• DATA BELOW
========

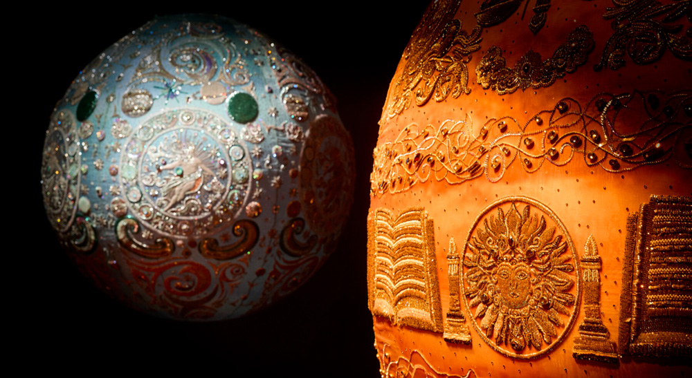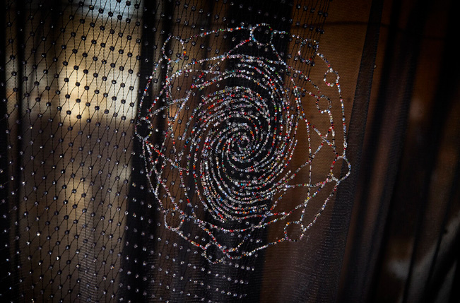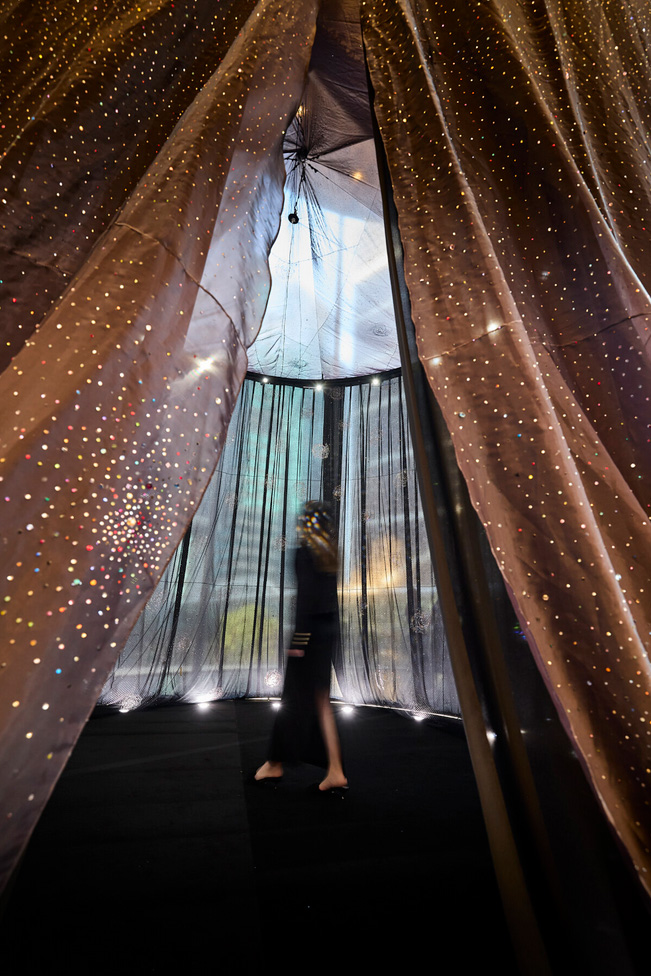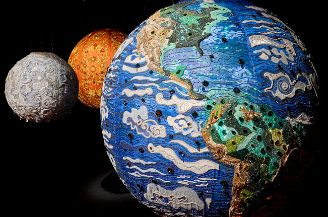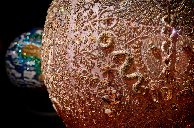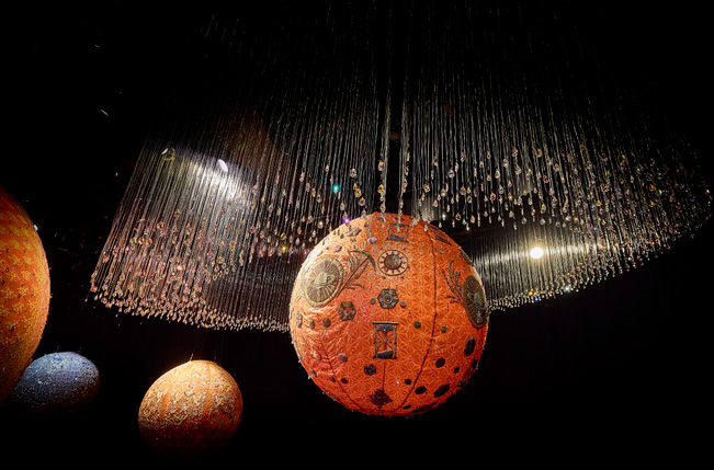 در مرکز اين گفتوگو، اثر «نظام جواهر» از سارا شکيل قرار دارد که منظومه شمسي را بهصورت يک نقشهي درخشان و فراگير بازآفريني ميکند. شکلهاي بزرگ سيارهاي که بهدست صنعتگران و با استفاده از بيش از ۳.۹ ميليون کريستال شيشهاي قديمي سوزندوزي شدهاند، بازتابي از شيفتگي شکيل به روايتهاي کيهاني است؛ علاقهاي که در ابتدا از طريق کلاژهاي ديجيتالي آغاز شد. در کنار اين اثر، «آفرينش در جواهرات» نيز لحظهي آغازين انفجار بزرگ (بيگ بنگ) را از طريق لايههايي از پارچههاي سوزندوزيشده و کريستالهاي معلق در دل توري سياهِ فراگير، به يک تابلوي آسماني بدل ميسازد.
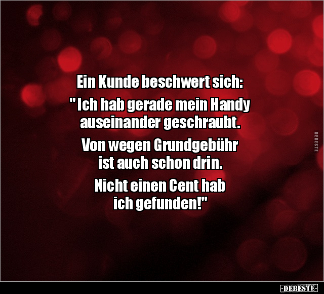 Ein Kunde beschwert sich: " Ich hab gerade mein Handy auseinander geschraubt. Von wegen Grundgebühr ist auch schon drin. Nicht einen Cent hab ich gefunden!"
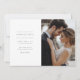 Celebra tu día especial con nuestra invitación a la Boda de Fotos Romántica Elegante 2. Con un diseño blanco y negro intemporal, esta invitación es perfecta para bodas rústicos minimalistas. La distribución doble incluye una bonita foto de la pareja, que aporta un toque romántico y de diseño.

========

• TO DO
Print every line above exactly. Leave the pictures out.

• TASK SOLUTION
 در مرکز اين گفتوگو، اثر «نظام جواهر» از سارا شکيل قرار دارد که منظومه شمسي را بهصورت يک نقشهي درخشان و فراگير بازآفريني ميکند. شکلهاي بزرگ سيارهاي که بهدست صنعتگران و با استفاده از بيش از ۳.۹ ميليون کريستال شيشهاي قديمي سوزندوزي شدهاند، بازتابي از شيفتگي شکيل به روايتهاي کيهاني است؛ علاقهاي که در ابتدا از طريق کلاژهاي ديجيتالي آغاز شد. در کنار اين اثر، «آفرينش در جواهرات» نيز لحظهي آغازين انفجار بزرگ (بيگ بنگ) را از طريق لايههايي از پارچههاي سوزندوزيشده و کريستالهاي معلق در دل توري سياهِ فراگير، به يک تابلوي آسماني بدل ميسازد.
 Ein Kunde beschwert sich: " Ich hab gerade mein Handy auseinander geschraubt. Von wegen Grundgebühr ist auch schon drin. Nicht einen Cent hab ich gefunden!"
 Celebra tu día especial con nuestra invitación a la Boda de Fotos Romántica Elegante 2. Con un diseño blanco y negro intemporal, esta invitación es perfecta para bodas rústicos minimalistas. La distribución doble incluye una bonita foto de la pareja, que aporta un toque romántico y de diseño.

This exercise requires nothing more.